Parenting is full of instances of this particular insight. Full, full, full. I am convinced that this is why God brings us into existence within families. The comedian Jeff Allen has a line that says that God must have looked down and said, “Let’s see how they like it to create someone in their image who denies their existence.” It’s funny because it’s so painfully true. We know the family is a school of love. Every parent knows that jolting rush of love for their children that gives us a glimmer of how much God loves us. But it’s also a wealth of lessons in how blind and broken we are, even so.

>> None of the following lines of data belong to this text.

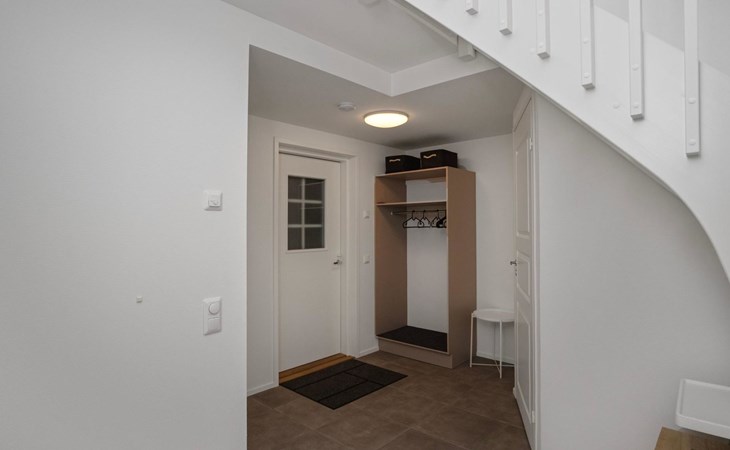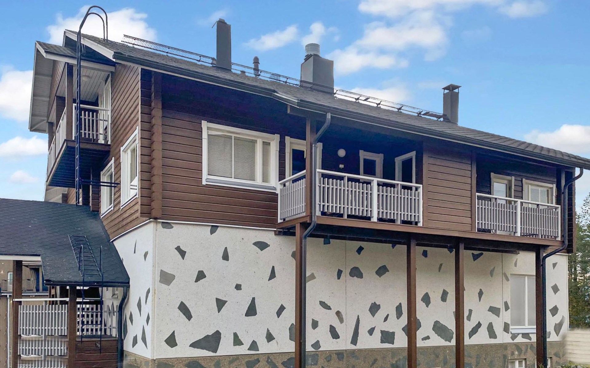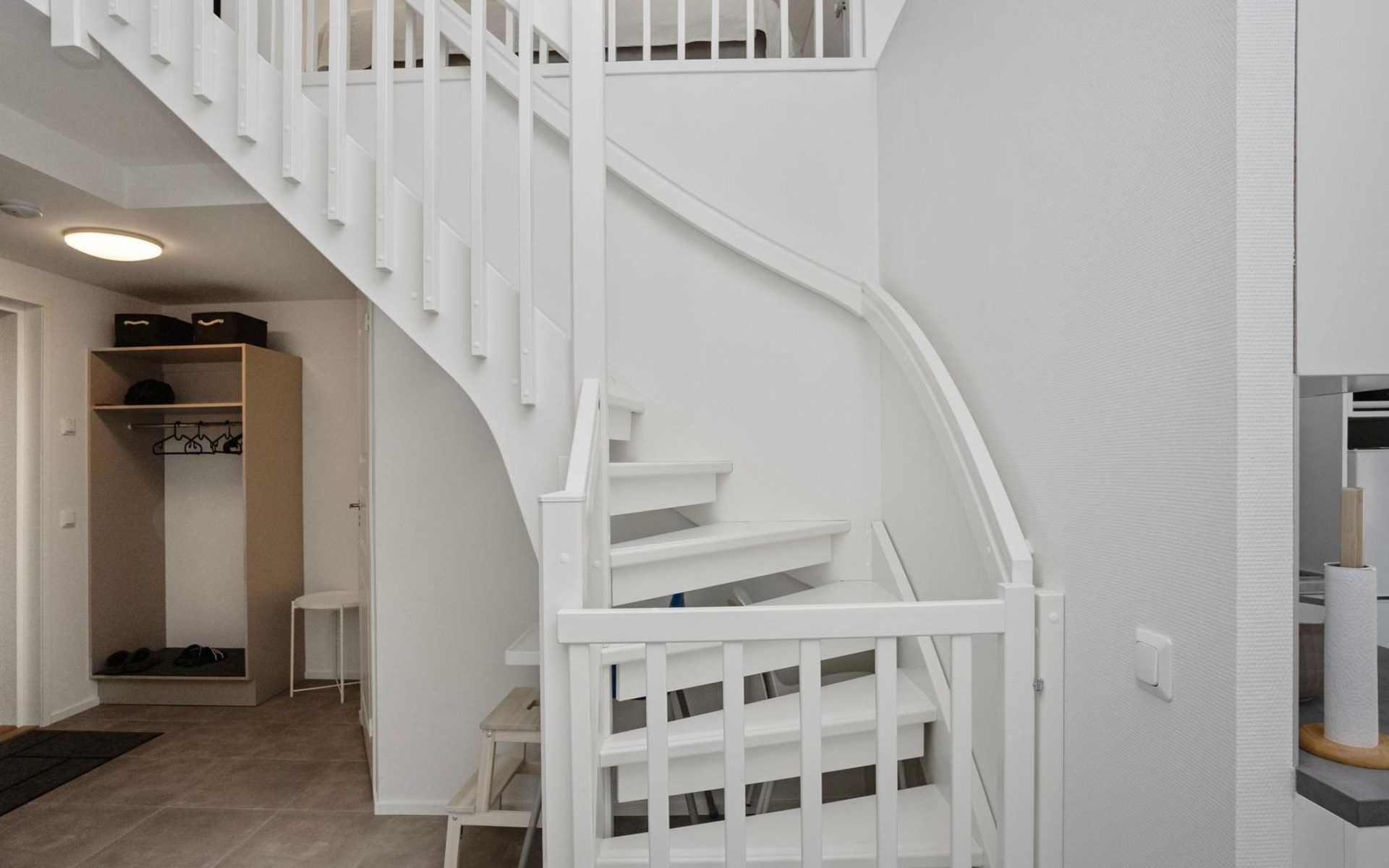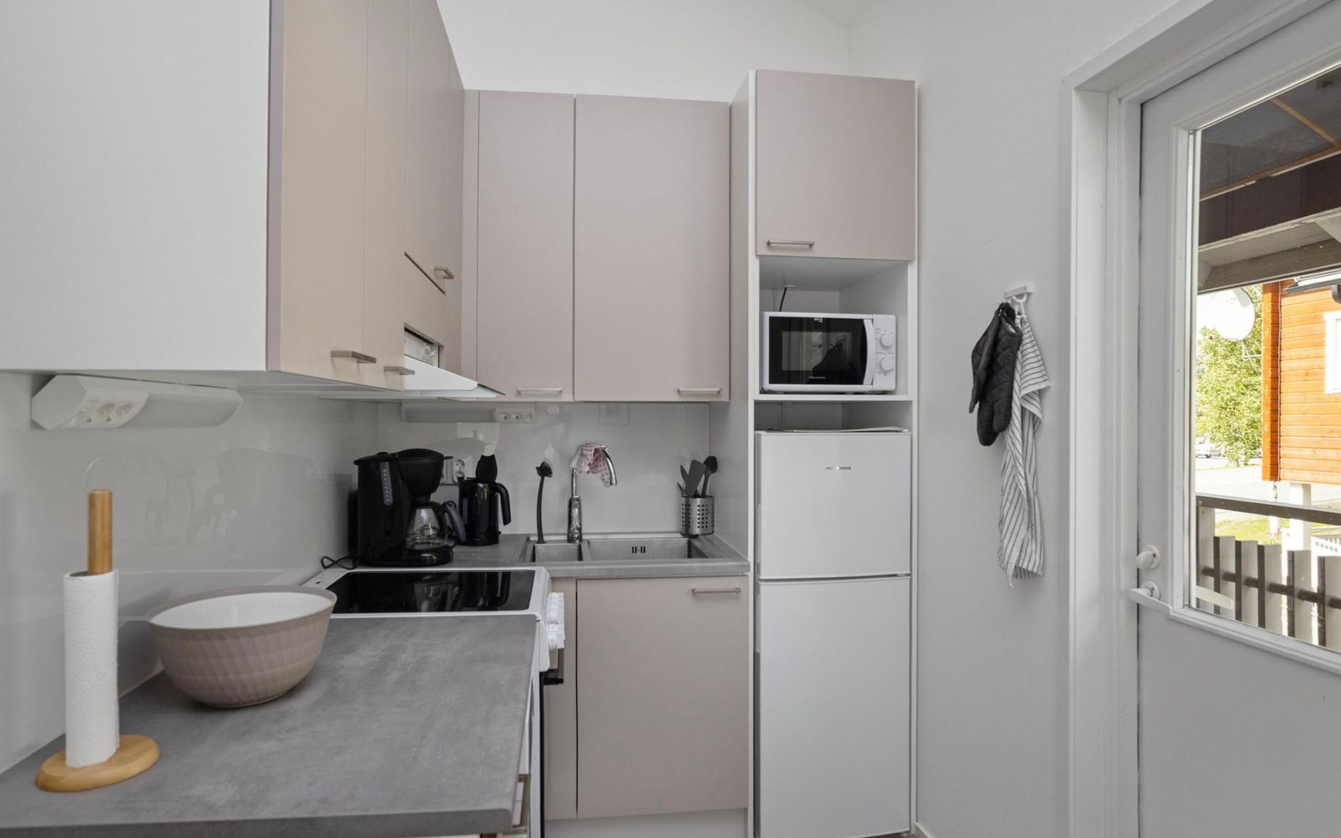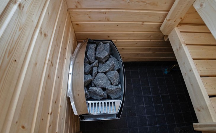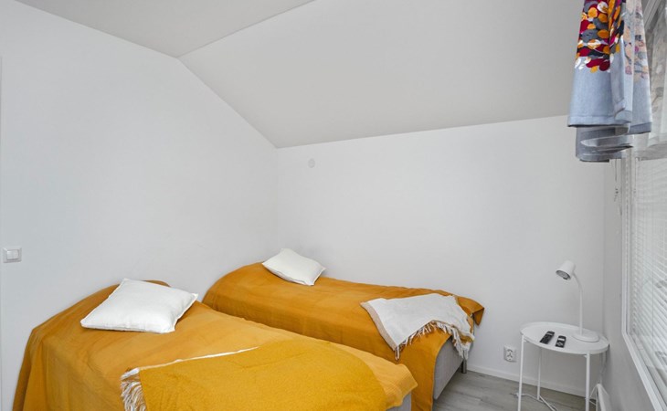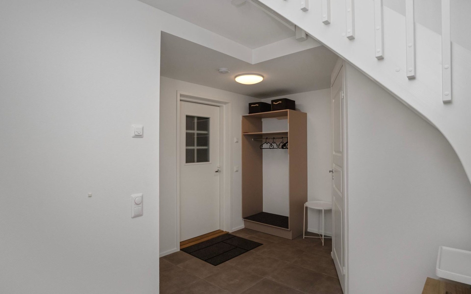 The living area and open-plan kitchen are cozy, with the atmosphere enhanced by a fireplace. The kitchen is well-equipped, and the dining table can be extended. The upstairs living area includes a workstation, so remote work is possible. The bathroom and sauna provide a great space for relaxation.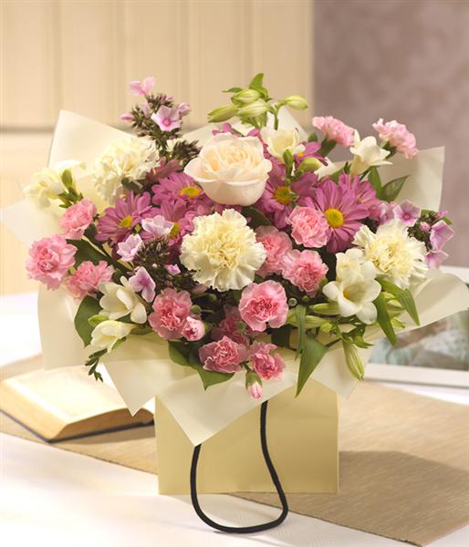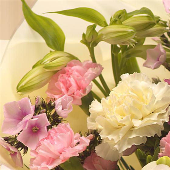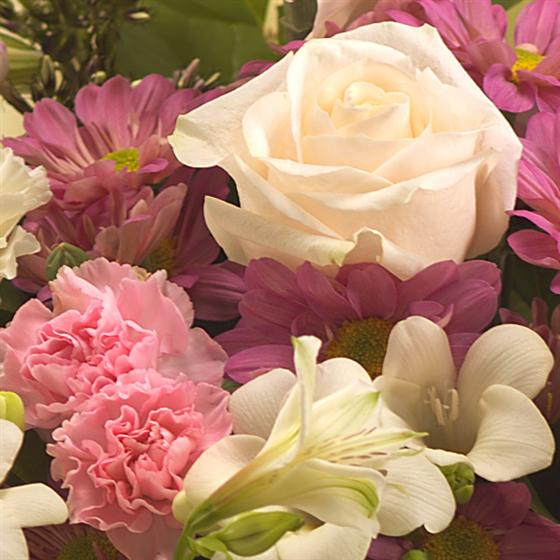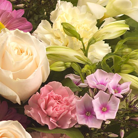 A soft, creamy and scented hand-tied bouquet, aqua packed for freshness featuring Roses, Freesia, Phlox, Alstroemeria and Chrysanthemums.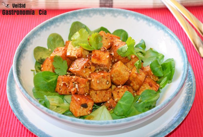 Ensalada de espinacas baby, garbanzos y tofu marinado
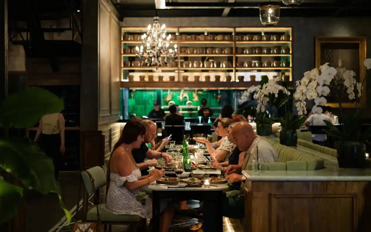 Widely regarded as the best Asian restaurant in Seminyak, Mama San blends rich flavours, bold design, and timeless charm. With over a decade of history, the tried-and-true Bali icon has welcomed generations of family by stitching a patchwork in seamlessly melding the lively essence of street food with a refined dining experience that offers a menu that spans the rich culinary landscapes of South East Asia. The restaurant’s interior, inspired by the opulence of 1920s Shanghai, features plush green banquette seating, dark timber walls, and elegant chandeliers, composing a sophisticated yet warm atmosphere.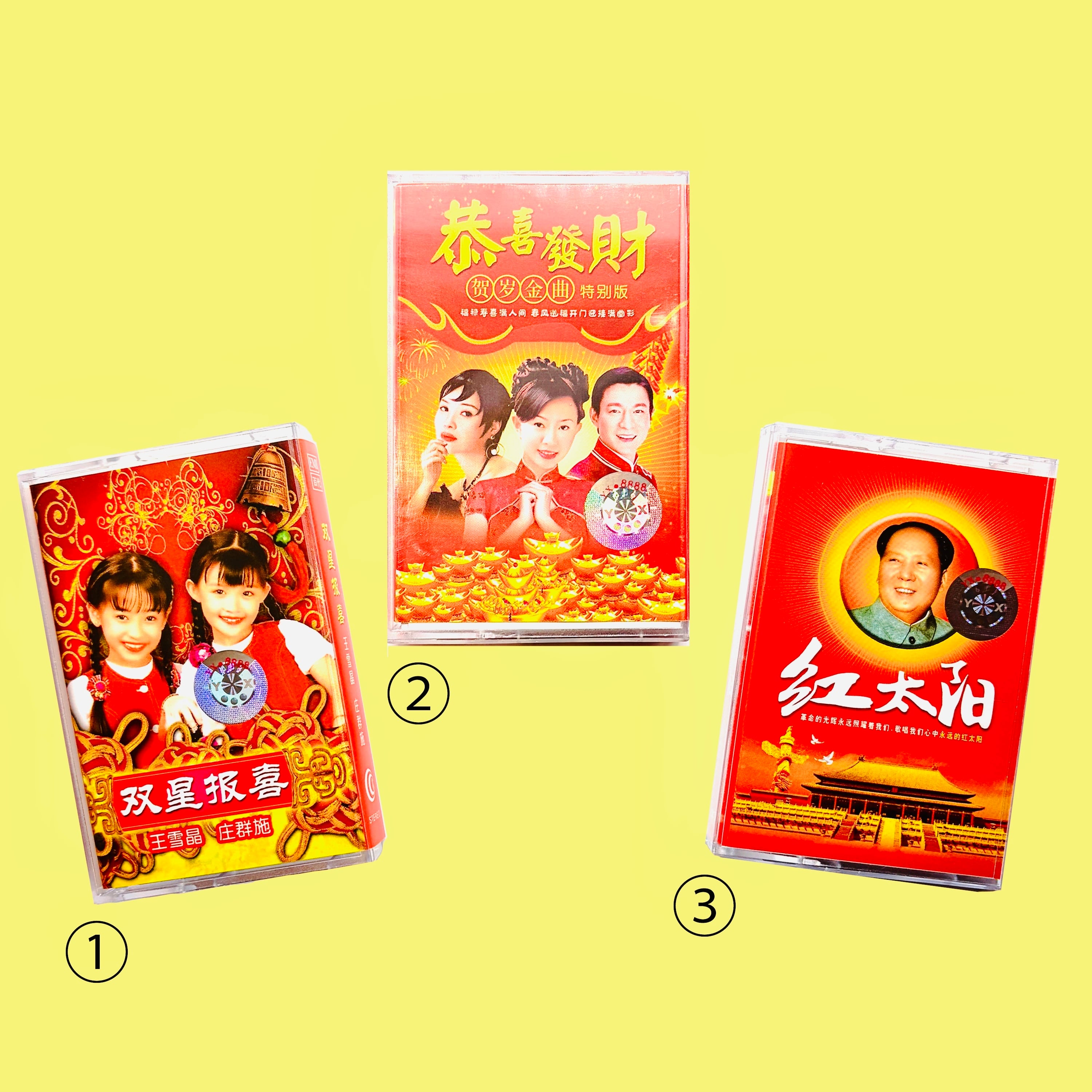 新年をお祝いするおめでたい楽曲満載のものや、共産党のプロパガンダソングまで、現代の中華文化とは切っても切れない音源が収録されています。

We persevered. In the midst of that insight, when I was tempted to throw up my hands and give it up, I decided instead to model patience. Everyone at the table participated or was included, however begrudgingly for some. And one or two quiet ones made no trouble at all, but obligingly went along with me in their prayers. 

And it was enough. 

At the end of it we had prayed a Rosary together, and had a little treat that soothed everyone’s mood. I know, if for no other reason than because my grown children tell me so, that they will remember this—probably even for the right reasons. They will remember something of the Rosary, and the stories of Jesus’ life and mission that it tells. They will remember praying as a family. They will remember the sweetness of God’s grace that prayer brings. They will, maybe, remember Mom’s forbearance this time when things weren’t perfect. 

But I will remember, too. I will remember God’s patience in dealing with his child, even through my resistance to his instruction, my petulance in wanting my own way, my reluctant efforts to turn to Him. I will remember how God takes whatever I offer and turns it into something sweet and good.